数値を見るのではなく、数値から「読み取る」!
売上・計数管理の目的はなんでしょうか?
単に「数値が見ることができればいい」、というわけではありません。数値を眺めているだけでは、何もお店に変化を起こすことはできません。つまり、売上・利益を向上させることはできないのです。
例えば、原価率が高くなっているということが数値を見て分かったとしましょう。
しかしそれだけでは、原価率を下げることはできませんし、利益を上げることもできません。お店の毎月の原価率を常に把握することは大事なことではありますが、知っているだけでは意味がなく、高くなった理由が分かり、原価率を適正な数値にコントロールすることができてはじめて、「数値管理ができている状態」といえるのです。
つまり、売上(計数)管理とは、店舗で起こっていることを数値から「読み取り」、そして売上、利益を上げるための対策を立て、そして結果が出すことなのです。これをまず認識しましょう。

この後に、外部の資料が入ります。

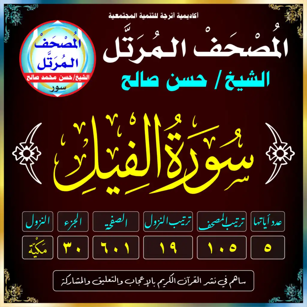 (سُورَةُ الفِيلِ /مَكيَّة /رَقَمُهَا 105 /عَدَدُ آيَاتِهَا 5 /تَرْتِيبُ النُّزُول 19 /رَقَمُ الصَّفْحَة 601)

特に重要なのは、お客様の変化を数字から「読み取る」ことです。
飲食店経営の目的は売上を上げ、利益を上げることです。売上が向上しなければ、利益が向上するはずがありません。売上を上げるためには、お客様の変化、お客様のお店に対する評価をどれだけ知ることができるかが重要となってきます。特に、最近ではお客様のニーズが多様化していますし、飲食店の競争も激しくなっています。その中で勝ち残っていくためには、やはり、どれだけ早くお客様の変化に対応できるかがポイントと言えるでしょう。そのためにも、数値から「お客様の店舗に対する評価」、「お客様の変化」を読み取ることが重要なのです。
数値を分解するから、店の問題点が見える!
数値から、「どんなことが店舗で起こっているのか」を読み取ることが、売上(計数)管理であるということは分かっていただけたかと思います。では、具体的にどのように数値を管理すれば、数値から「読み取る」ことができるのかを解説したいと思います。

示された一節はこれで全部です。